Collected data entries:

++++++++

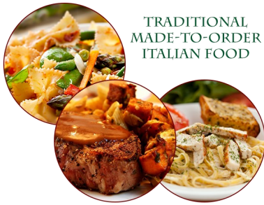
TRADITIONAL MADE-TO-ORDER ITALIAN FOOD

Wednesday – March 23 – Dining Out at Faro Italian Grille [Easy]. Enjoy fresh, delicious Italian cuisine at this impressive Italian Restaurant serving traditional, made-to-order Italian food. At Faro Italian Grille, you will find authentic Italian cuisine, a lovely atmosphere and a beautiful view of Lake Winnepesaukee. Faro's offers a wide selection of menu choices, some of which include traditional Italian Pizzas, Chicken Piccata, Braised Lamb and Pan-Roasted Salmon. The bus will begin picking up residents on the Laconia Campus at 4:30PM.
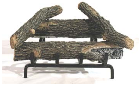
STEP FOUR: PLACE 15/VSA AS SHOWN
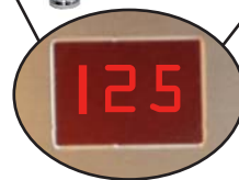
Bean Usage Counter

Digitally controlled Dual Bean Grind'n Brew™ Brewer System. Brewer will maintain brew temperature to \pm 1^\circ\text{F} throughout brew cycle. Brew temperature, brew volume (full and half batch), grind portions (right and left hopper, full and half batch), operator defined pre-infusion/pulse brewing, energy savings and Low Temp/No Brew are programmable from the front display.
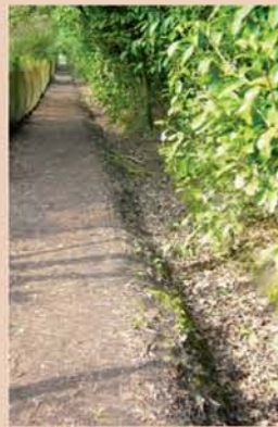
The Cinder Path

Bear left through the woods, the path narrows and after a stream turn left then right at the corner of the golf course. The path bears left through the woods to Shrubbs Hill Lane.

++++++++

§ **TASK REQUIREMENTS**
Give every entry again verbatim, with no pictures.

§ **ANSWER FOR THE TASK**
TRADITIONAL MADE-TO-ORDER ITALIAN FOOD

Wednesday – March 23 – Dining Out at Faro Italian Grille [Easy]. Enjoy fresh, delicious Italian cuisine at this impressive Italian Restaurant serving traditional, made-to-order Italian food. At Faro Italian Grille, you will find authentic Italian cuisine, a lovely atmosphere and a beautiful view of Lake Winnepesaukee. Faro's offers a wide selection of menu choices, some of which include traditional Italian Pizzas, Chicken Piccata, Braised Lamb and Pan-Roasted Salmon. The bus will begin picking up residents on the Laconia Campus at 4:30PM.
STEP FOUR: PLACE 15/VSA AS SHOWN
Bean Usage Counter

Digitally controlled Dual Bean Grind'n Brew™ Brewer System. Brewer will maintain brew temperature to \pm 1^\circ\text{F} throughout brew cycle. Brew temperature, brew volume (full and half batch), grind portions (right and left hopper, full and half batch), operator defined pre-infusion/pulse brewing, energy savings and Low Temp/No Brew are programmable from the front display.
The Cinder Path

Bear left through the woods, the path narrows and after a stream turn left then right at the corner of the golf course. The path bears left through the woods to Shrubbs Hill Lane.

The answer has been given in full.